### Exercise goal
Everything below from the line with "Essa cadelinha linda" through the line with "Hediyelik olarak tercih" should be copied exactly, and nothing else; leave out the pictures.

### Available data

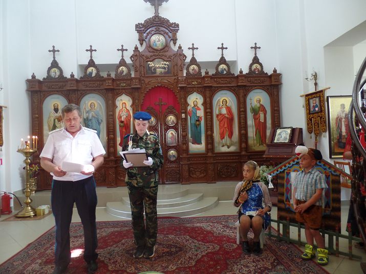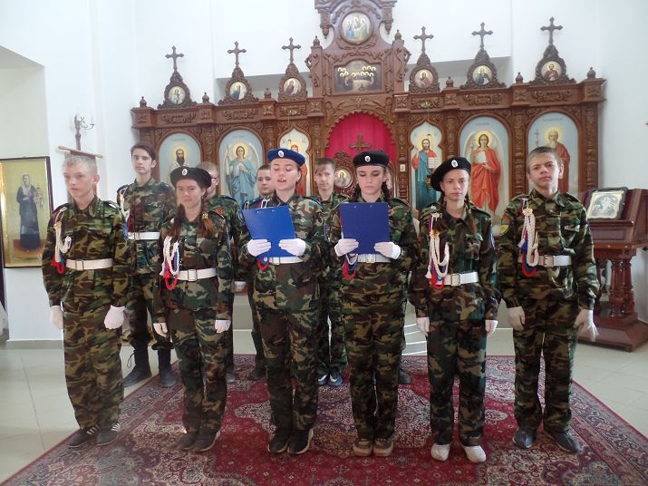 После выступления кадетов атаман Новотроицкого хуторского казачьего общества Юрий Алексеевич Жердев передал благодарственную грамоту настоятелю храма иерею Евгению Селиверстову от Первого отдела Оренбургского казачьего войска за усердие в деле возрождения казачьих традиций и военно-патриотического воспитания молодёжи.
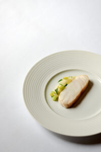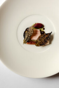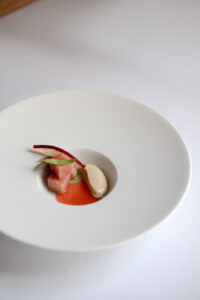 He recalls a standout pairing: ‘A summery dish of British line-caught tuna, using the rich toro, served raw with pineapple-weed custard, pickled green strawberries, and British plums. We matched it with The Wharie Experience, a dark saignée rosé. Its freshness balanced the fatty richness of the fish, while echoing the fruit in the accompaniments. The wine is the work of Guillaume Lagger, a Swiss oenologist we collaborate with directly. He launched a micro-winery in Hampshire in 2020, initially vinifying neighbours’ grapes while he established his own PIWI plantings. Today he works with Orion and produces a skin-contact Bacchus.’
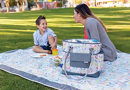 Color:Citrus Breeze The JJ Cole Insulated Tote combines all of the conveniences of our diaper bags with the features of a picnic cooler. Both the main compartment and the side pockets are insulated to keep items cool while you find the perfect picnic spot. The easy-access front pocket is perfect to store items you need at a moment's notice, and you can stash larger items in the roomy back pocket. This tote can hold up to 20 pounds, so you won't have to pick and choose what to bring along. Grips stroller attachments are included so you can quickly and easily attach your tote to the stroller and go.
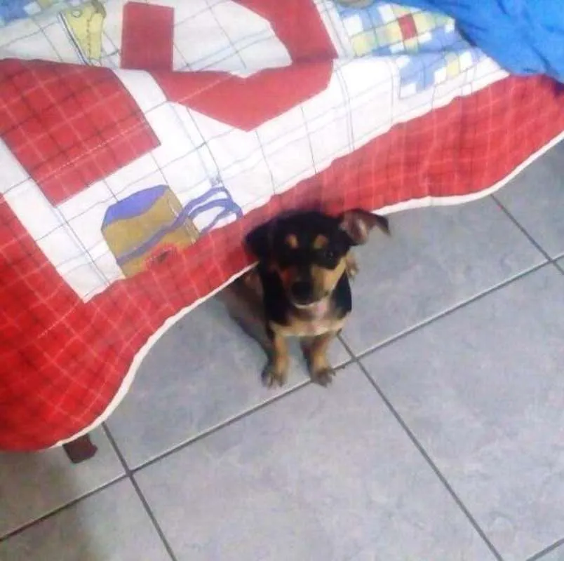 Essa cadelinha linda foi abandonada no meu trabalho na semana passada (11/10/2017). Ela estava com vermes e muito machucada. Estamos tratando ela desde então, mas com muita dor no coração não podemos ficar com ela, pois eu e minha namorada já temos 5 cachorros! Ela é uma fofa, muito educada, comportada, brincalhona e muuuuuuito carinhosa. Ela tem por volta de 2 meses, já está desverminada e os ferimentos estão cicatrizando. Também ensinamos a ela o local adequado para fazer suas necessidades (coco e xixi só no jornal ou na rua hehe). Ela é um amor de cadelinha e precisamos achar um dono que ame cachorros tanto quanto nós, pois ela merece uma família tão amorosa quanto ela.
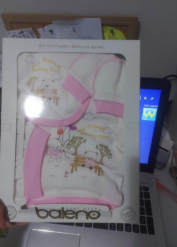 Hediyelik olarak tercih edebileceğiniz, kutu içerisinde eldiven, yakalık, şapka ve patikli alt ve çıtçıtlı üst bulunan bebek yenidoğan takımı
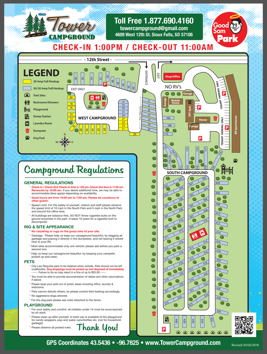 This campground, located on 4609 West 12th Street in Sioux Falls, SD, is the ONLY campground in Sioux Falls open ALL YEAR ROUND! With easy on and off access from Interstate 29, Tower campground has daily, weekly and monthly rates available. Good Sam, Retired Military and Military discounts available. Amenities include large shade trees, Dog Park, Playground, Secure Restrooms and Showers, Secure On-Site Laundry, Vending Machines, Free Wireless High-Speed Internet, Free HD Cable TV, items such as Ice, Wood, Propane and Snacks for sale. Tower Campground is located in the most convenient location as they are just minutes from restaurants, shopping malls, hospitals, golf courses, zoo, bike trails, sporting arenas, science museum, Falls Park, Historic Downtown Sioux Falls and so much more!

### Exercise output
 Essa cadelinha linda foi abandonada no meu trabalho na semana passada (11/10/2017). Ela estava com vermes e muito machucada. Estamos tratando ela desde então, mas com muita dor no coração não podemos ficar com ela, pois eu e minha namorada já temos 5 cachorros! Ela é uma fofa, muito educada, comportada, brincalhona e muuuuuuito carinhosa. Ela tem por volta de 2 meses, já está desverminada e os ferimentos estão cicatrizando. Também ensinamos a ela o local adequado para fazer suas necessidades (coco e xixi só no jornal ou na rua hehe). Ela é um amor de cadelinha e precisamos achar um dono que ame cachorros tanto quanto nós, pois ela merece uma família tão amorosa quanto ela.
 Hediyelik olarak tercih edebileceğiniz, kutu içerisinde eldiven, yakalık, şapka ve patikli alt ve çıtçıtlı üst bulunan bebek yenidoğan takımı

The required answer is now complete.